* **Dataset excerpt**
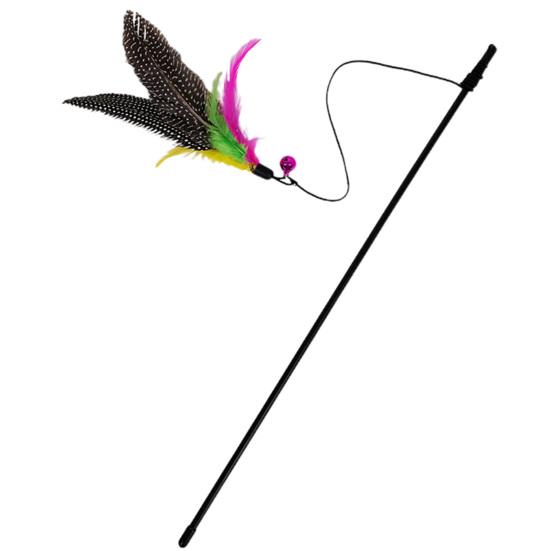 Привлекательная палочка для кошек, облегчающая давление, черная дразнилка для котенка, интерактивный стержень с перьями-колокольчиком
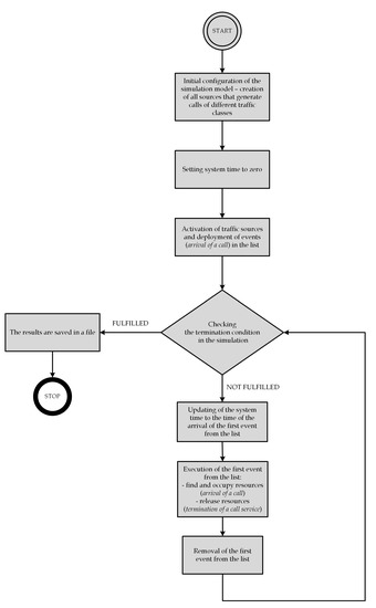 While implementing the simulator using the process interaction method, two events were defined: arrival of a new call and termination of call service. With the case of the event arrival of a new call, it is checked whether a new call can be admitted for service. If this is possible, the resources of the system become occupied; if not, the call is lost. The event termination of call service means that the service of a given call has terminated and the resources of the system are to be released. The execution of the handling of these events in the simulation program is realised by using designated functions. These functions are presented in detail in other publications [16,17], while the general block diagram of the simulation algorithm is shown in the Figure 7.
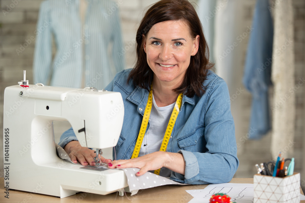 happy woman and sewing workshop
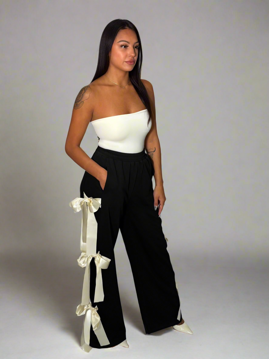 These Bow Tie Sweatpants offer both comfort and style with elegant satin bows on the sides. The elastic waist allows for a relaxed fit, making them perfect for a girly yet fashionable look. Stay comfortable and chic throughout the day with these fun sweatpants.

* **Aim of the exercise**
Repeat all of the material above exactly, leaving out pictures.

* **Response to the task**
 Привлекательная палочка для кошек, облегчающая давление, черная дразнилка для котенка, интерактивный стержень с перьями-колокольчиком
 While implementing the simulator using the process interaction method, two events were defined: arrival of a new call and termination of call service. With the case of the event arrival of a new call, it is checked whether a new call can be admitted for service. If this is possible, the resources of the system become occupied; if not, the call is lost. The event termination of call service means that the service of a given call has terminated and the resources of the system are to be released. The execution of the handling of these events in the simulation program is realised by using designated functions. These functions are presented in detail in other publications [16,17], while the general block diagram of the simulation algorithm is shown in the Figure 7.
 happy woman and sewing workshop
 These Bow Tie Sweatpants offer both comfort and style with elegant satin bows on the sides. The elastic waist allows for a relaxed fit, making them perfect for a girly yet fashionable look. Stay comfortable and chic throughout the day with these fun sweatpants.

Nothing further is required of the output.